Ph.D. candidate in Biostatistics, USC
B.S. in Biology, Nanjing University, 2012
Stem cell genomics
Circularized Chromosome Conformation Capture combined with high-throughput next generation sequencing (4C-seq) is a cost-effective and powerful technique to uncover chromatin folding and genome contact profile within the nucleus. Besides, we know that regulatory DNA elements (enhancers, promoters) can control the expression of distal genes through physical interaction, so 4C-seq is also applied to explore gene regulation in some cell types. Conventional 4C approaches used restriction enzyme digestion to fragment chromatin, while our lab applied a sonication approach which have some advantages over the enzymatic method. We developed a customized experimental and analytical pipeline for sonication based 4C-seq and performed a comprehensive comparison between two methods.
In Collaboration with Dr. Wange Lu's lab, we focus on enhancers of some key pluripotent genes, like Oct4 (Pou5f1) and Sox2. With bioinformatic tool and statistical model, we study which genemic regions interact with the targeted "bait" region on a genome-wide scale. Furthermore, we characterize the interactome by examining the "4C sites" association with histone marks, transcription factor binding, DNA replication timing, gene structure, gene onthology, and so on. Associated genes are candidate for subsequent functional validation.

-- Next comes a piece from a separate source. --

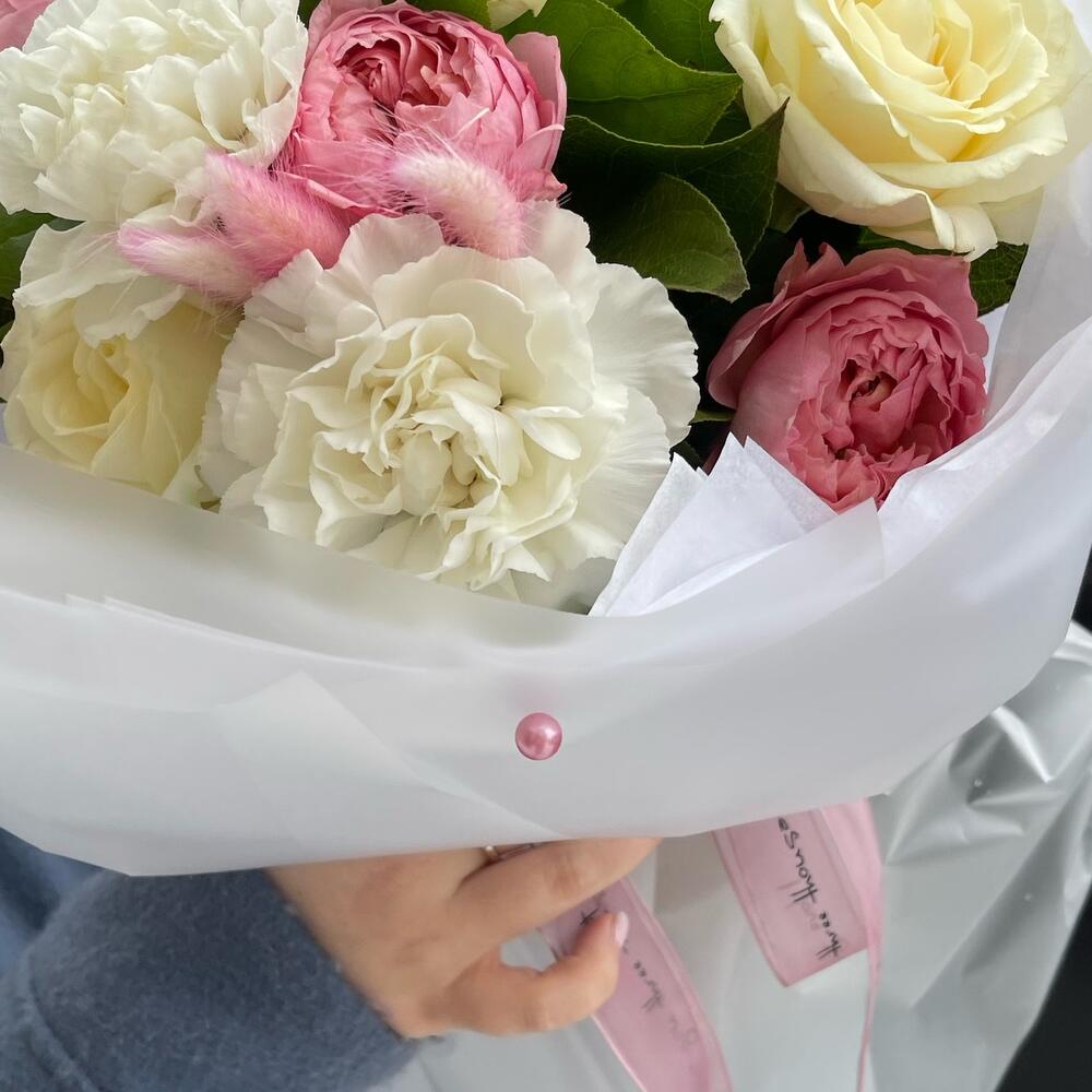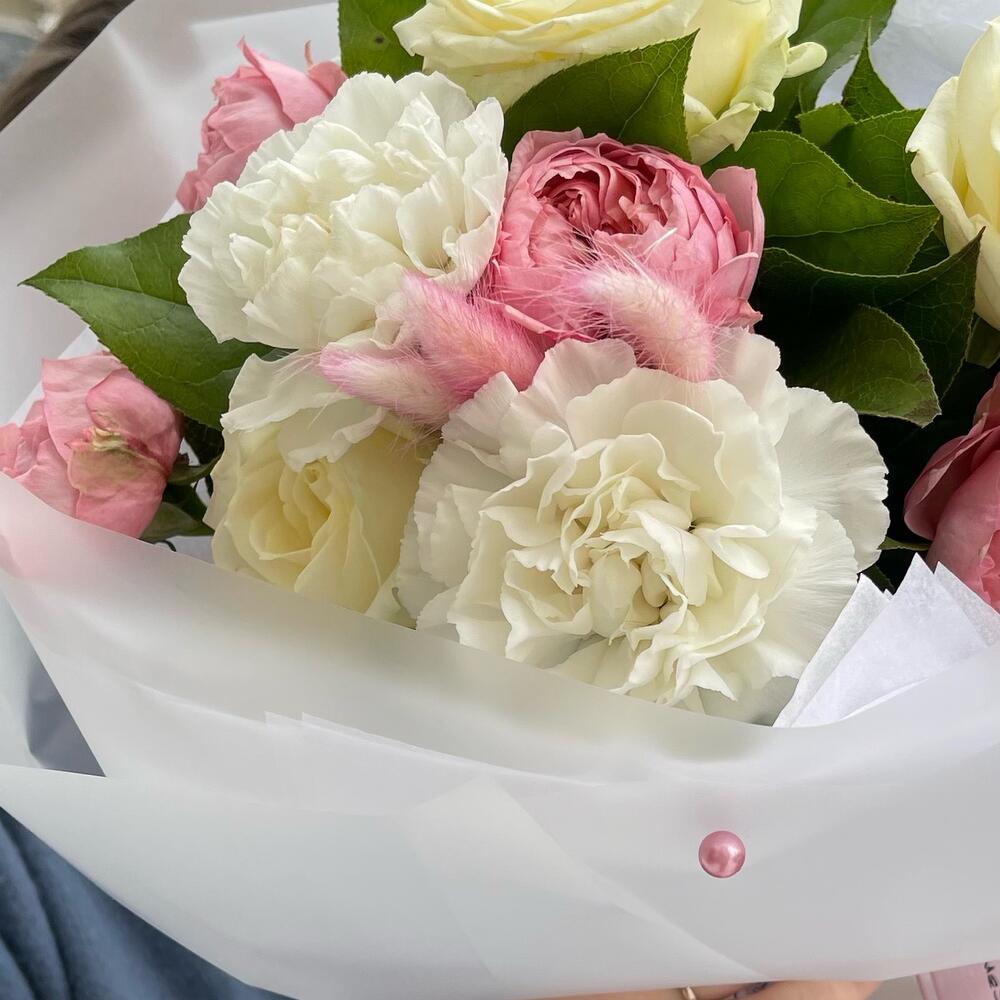 белая роза – 3 шт.Гвоздика – 2 шт.джульетта роза пионовидная – 1 шт.Салал листья – 7 шт.Тишью белое – 4 шт.Пленка матовая – 4 шт.Лагурус – 3 шт.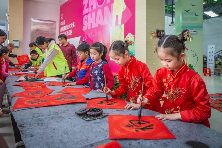 廣東省中山市火炬開發區文化站組織愛好書法的學生爲市民寫春聯、送福字,爲新春送上祝福。

Circos plot showing inter-chromosomal (blue) and intra-chromosomal (red) interacting regions with bait region of Oct4 distal enhancer
Heat map showing significant interacting regions across genome
We explore the transcriptional landscape of different cell types. In collaboration with Dr. Wange Lu, we examine the difference of gene expression signatures bewteen cells with certain gene knock-out (KO) and cells of wild-type (WT).
We also use other tools like ChIP-seq and ChIA-PET-seq to study genome-wide regulation of certain gene expression in pluripotent cells.